Fig. 2 Choosing Therapeutic Phages A) How was efficacy of phages determined here? Which of the phages in panel A look to be most effective against the pre-treatment isolates? Why was Mycobacterium smegmatis also tested here? Did M. abscessus isolates from the post-treatment period show altered sensitivity to the phages? B) What is shown in panel B and what can we conclude from this experiment? C) Does panel C provide any new information not in B? Why was this included? D) How were the ‘survivor’ strains obtained? Are they sensitive to the therapeutic phages? Summarize what is shown here. What is the most important take-away? Fig. 3 Lung Changes Over Course of Phage Therapy A) What change was observed over time in panel A? B-D) What are bronchiectasis and mucoid impaction? How are they measured here and did they change in different regions of the lung over the course of treatment? Summarize what is shown here. What is the most important take-away? Fig. 4 Culture Independent Markers of Bacterial Killing by Phage A) How did the fraction of positive sputum cultures change after phage treatment and transplant? B) Why was the amount of ‘DNA’ in sputum measured? Was this total DNA in the sputum or DNA from a specific source? How did the DNA content in sputum reported here change over time? C) What is LAM? What is TBSA? What is D-ara? Why were TBSA and D-ara content in urine measured? How did these things change over time? D) What is IgA (immunoglobulin A)? What is IgG (immunoglobulin G)? Why are IgA and IgG levels over time measured here? How do IgG and IgA levels change after the onset of phage treatment? Summarize what is shown here. What is the most important take-away? Fig. 5 Genetic Diversity and Antibiotic Resistance of M. abscessus Isolates A) And B) Why are there certain gene names written on this phylogenetic tree? Were the sequences of the whole genomes of the isolates used to construct this phylogenetic tree? How did genetic diversity of the M.a isolates change over time? B) How was antibiotic resistance evaluated here and what do the data points on the plot in panel C represent? How does antibiotic resistance of isolates change over time?

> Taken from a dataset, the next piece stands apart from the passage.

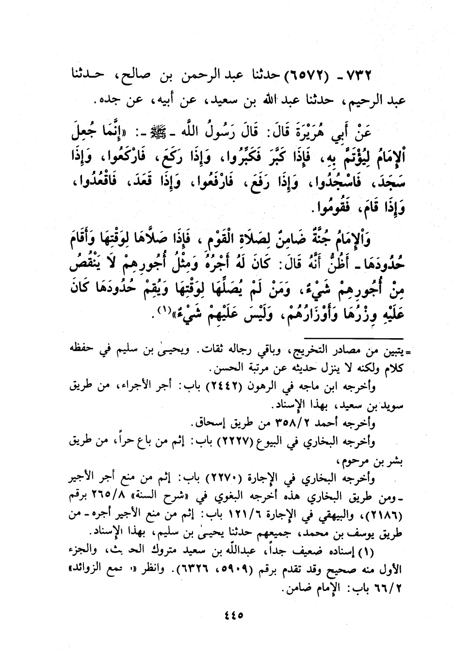 6572 - حَدَّثَنَا عَبْدُ الرَّحْمَنِ بْنُ صَالِحٍ، حَدَّثَنَا عَبْدُ الرَّحِيمِ، حَدَّثَنَا عَبْدُ اللَّهِ بْنُ سَعِيدٍ، عَنْ أَبِيهِ، عَنْ جَدِّهِ، عَنْ أَبِي هُرَيْرَةَ قَالَ: قَالَ رَسُولُ اللَّهِ صَلَّى اللهُ عَلَيْهِ وَسَلَّمَ: " §إِنَّمَا جُعِلَ الْإِمَامُ لِيُؤْتَمَّ بِهِ، فَإِذَا كَبَّرَ فَكَبِّرُوا، وَإِذَا رَكَعَ فَارْكَعُوا، وَإِذَا سَجَدَ فَاسْجُدُوا، وَإِذَا رَفَعَ فَارْفَعُوا، وَإِذَا قَعَدَ فَاقْعُدُوا، وَإِذَا قَامَ فَقُومُوا، وَالْإِمَامُ جُنَّةٌ ضَامِنٌ لِصَلَاةِ الْقَوْمِ، فَإِذَا صَلَّاهَا لِوَقْتِهَا وَأَقَامَ حُدُودَهَا - أَظُنُّ أَنَّهُ قَالَ: - كَانَ لَهُ أَجْرُهُ وَمِثْلُ أُجُورِهِمْ لَا يَنْقُصُ مِنْ أُجُورِهِمْ شَيْءٌ، وَمَنْ لَمْ يُصَلِّهَا لِوَقْتِهَا وَيُقِمْ حُدُودَهَا كَانَ عَلَيْهِ وِزْرُهَا وَأَوْزَارُهُمْ، وَلَيْسَ عَلَيْهِمْ شَيْءٌ "Kإسناده ضعيف جدا

Summarize what is shown here. What is the most important take-away? Fig. 6 Evaluating Antibody Binding to Phages *Antibodies are host (in this case human) proteins that bind to foreign substances (such as microbial proteins) and to facilitate their recognition and destruction by the immune system. -Why were the authors interested in whether or not the human host was mounting an immune response to the phages? Can a phage infect human cells? A) Did the production of IgG that binds to phage proteins change over time? How do you know? Connect your conclusion to the data shown in panel B. Discussion and Future Directions What was interesting about this study? Were there any clear short comings to this study? Explain. What would you do next if this were your research?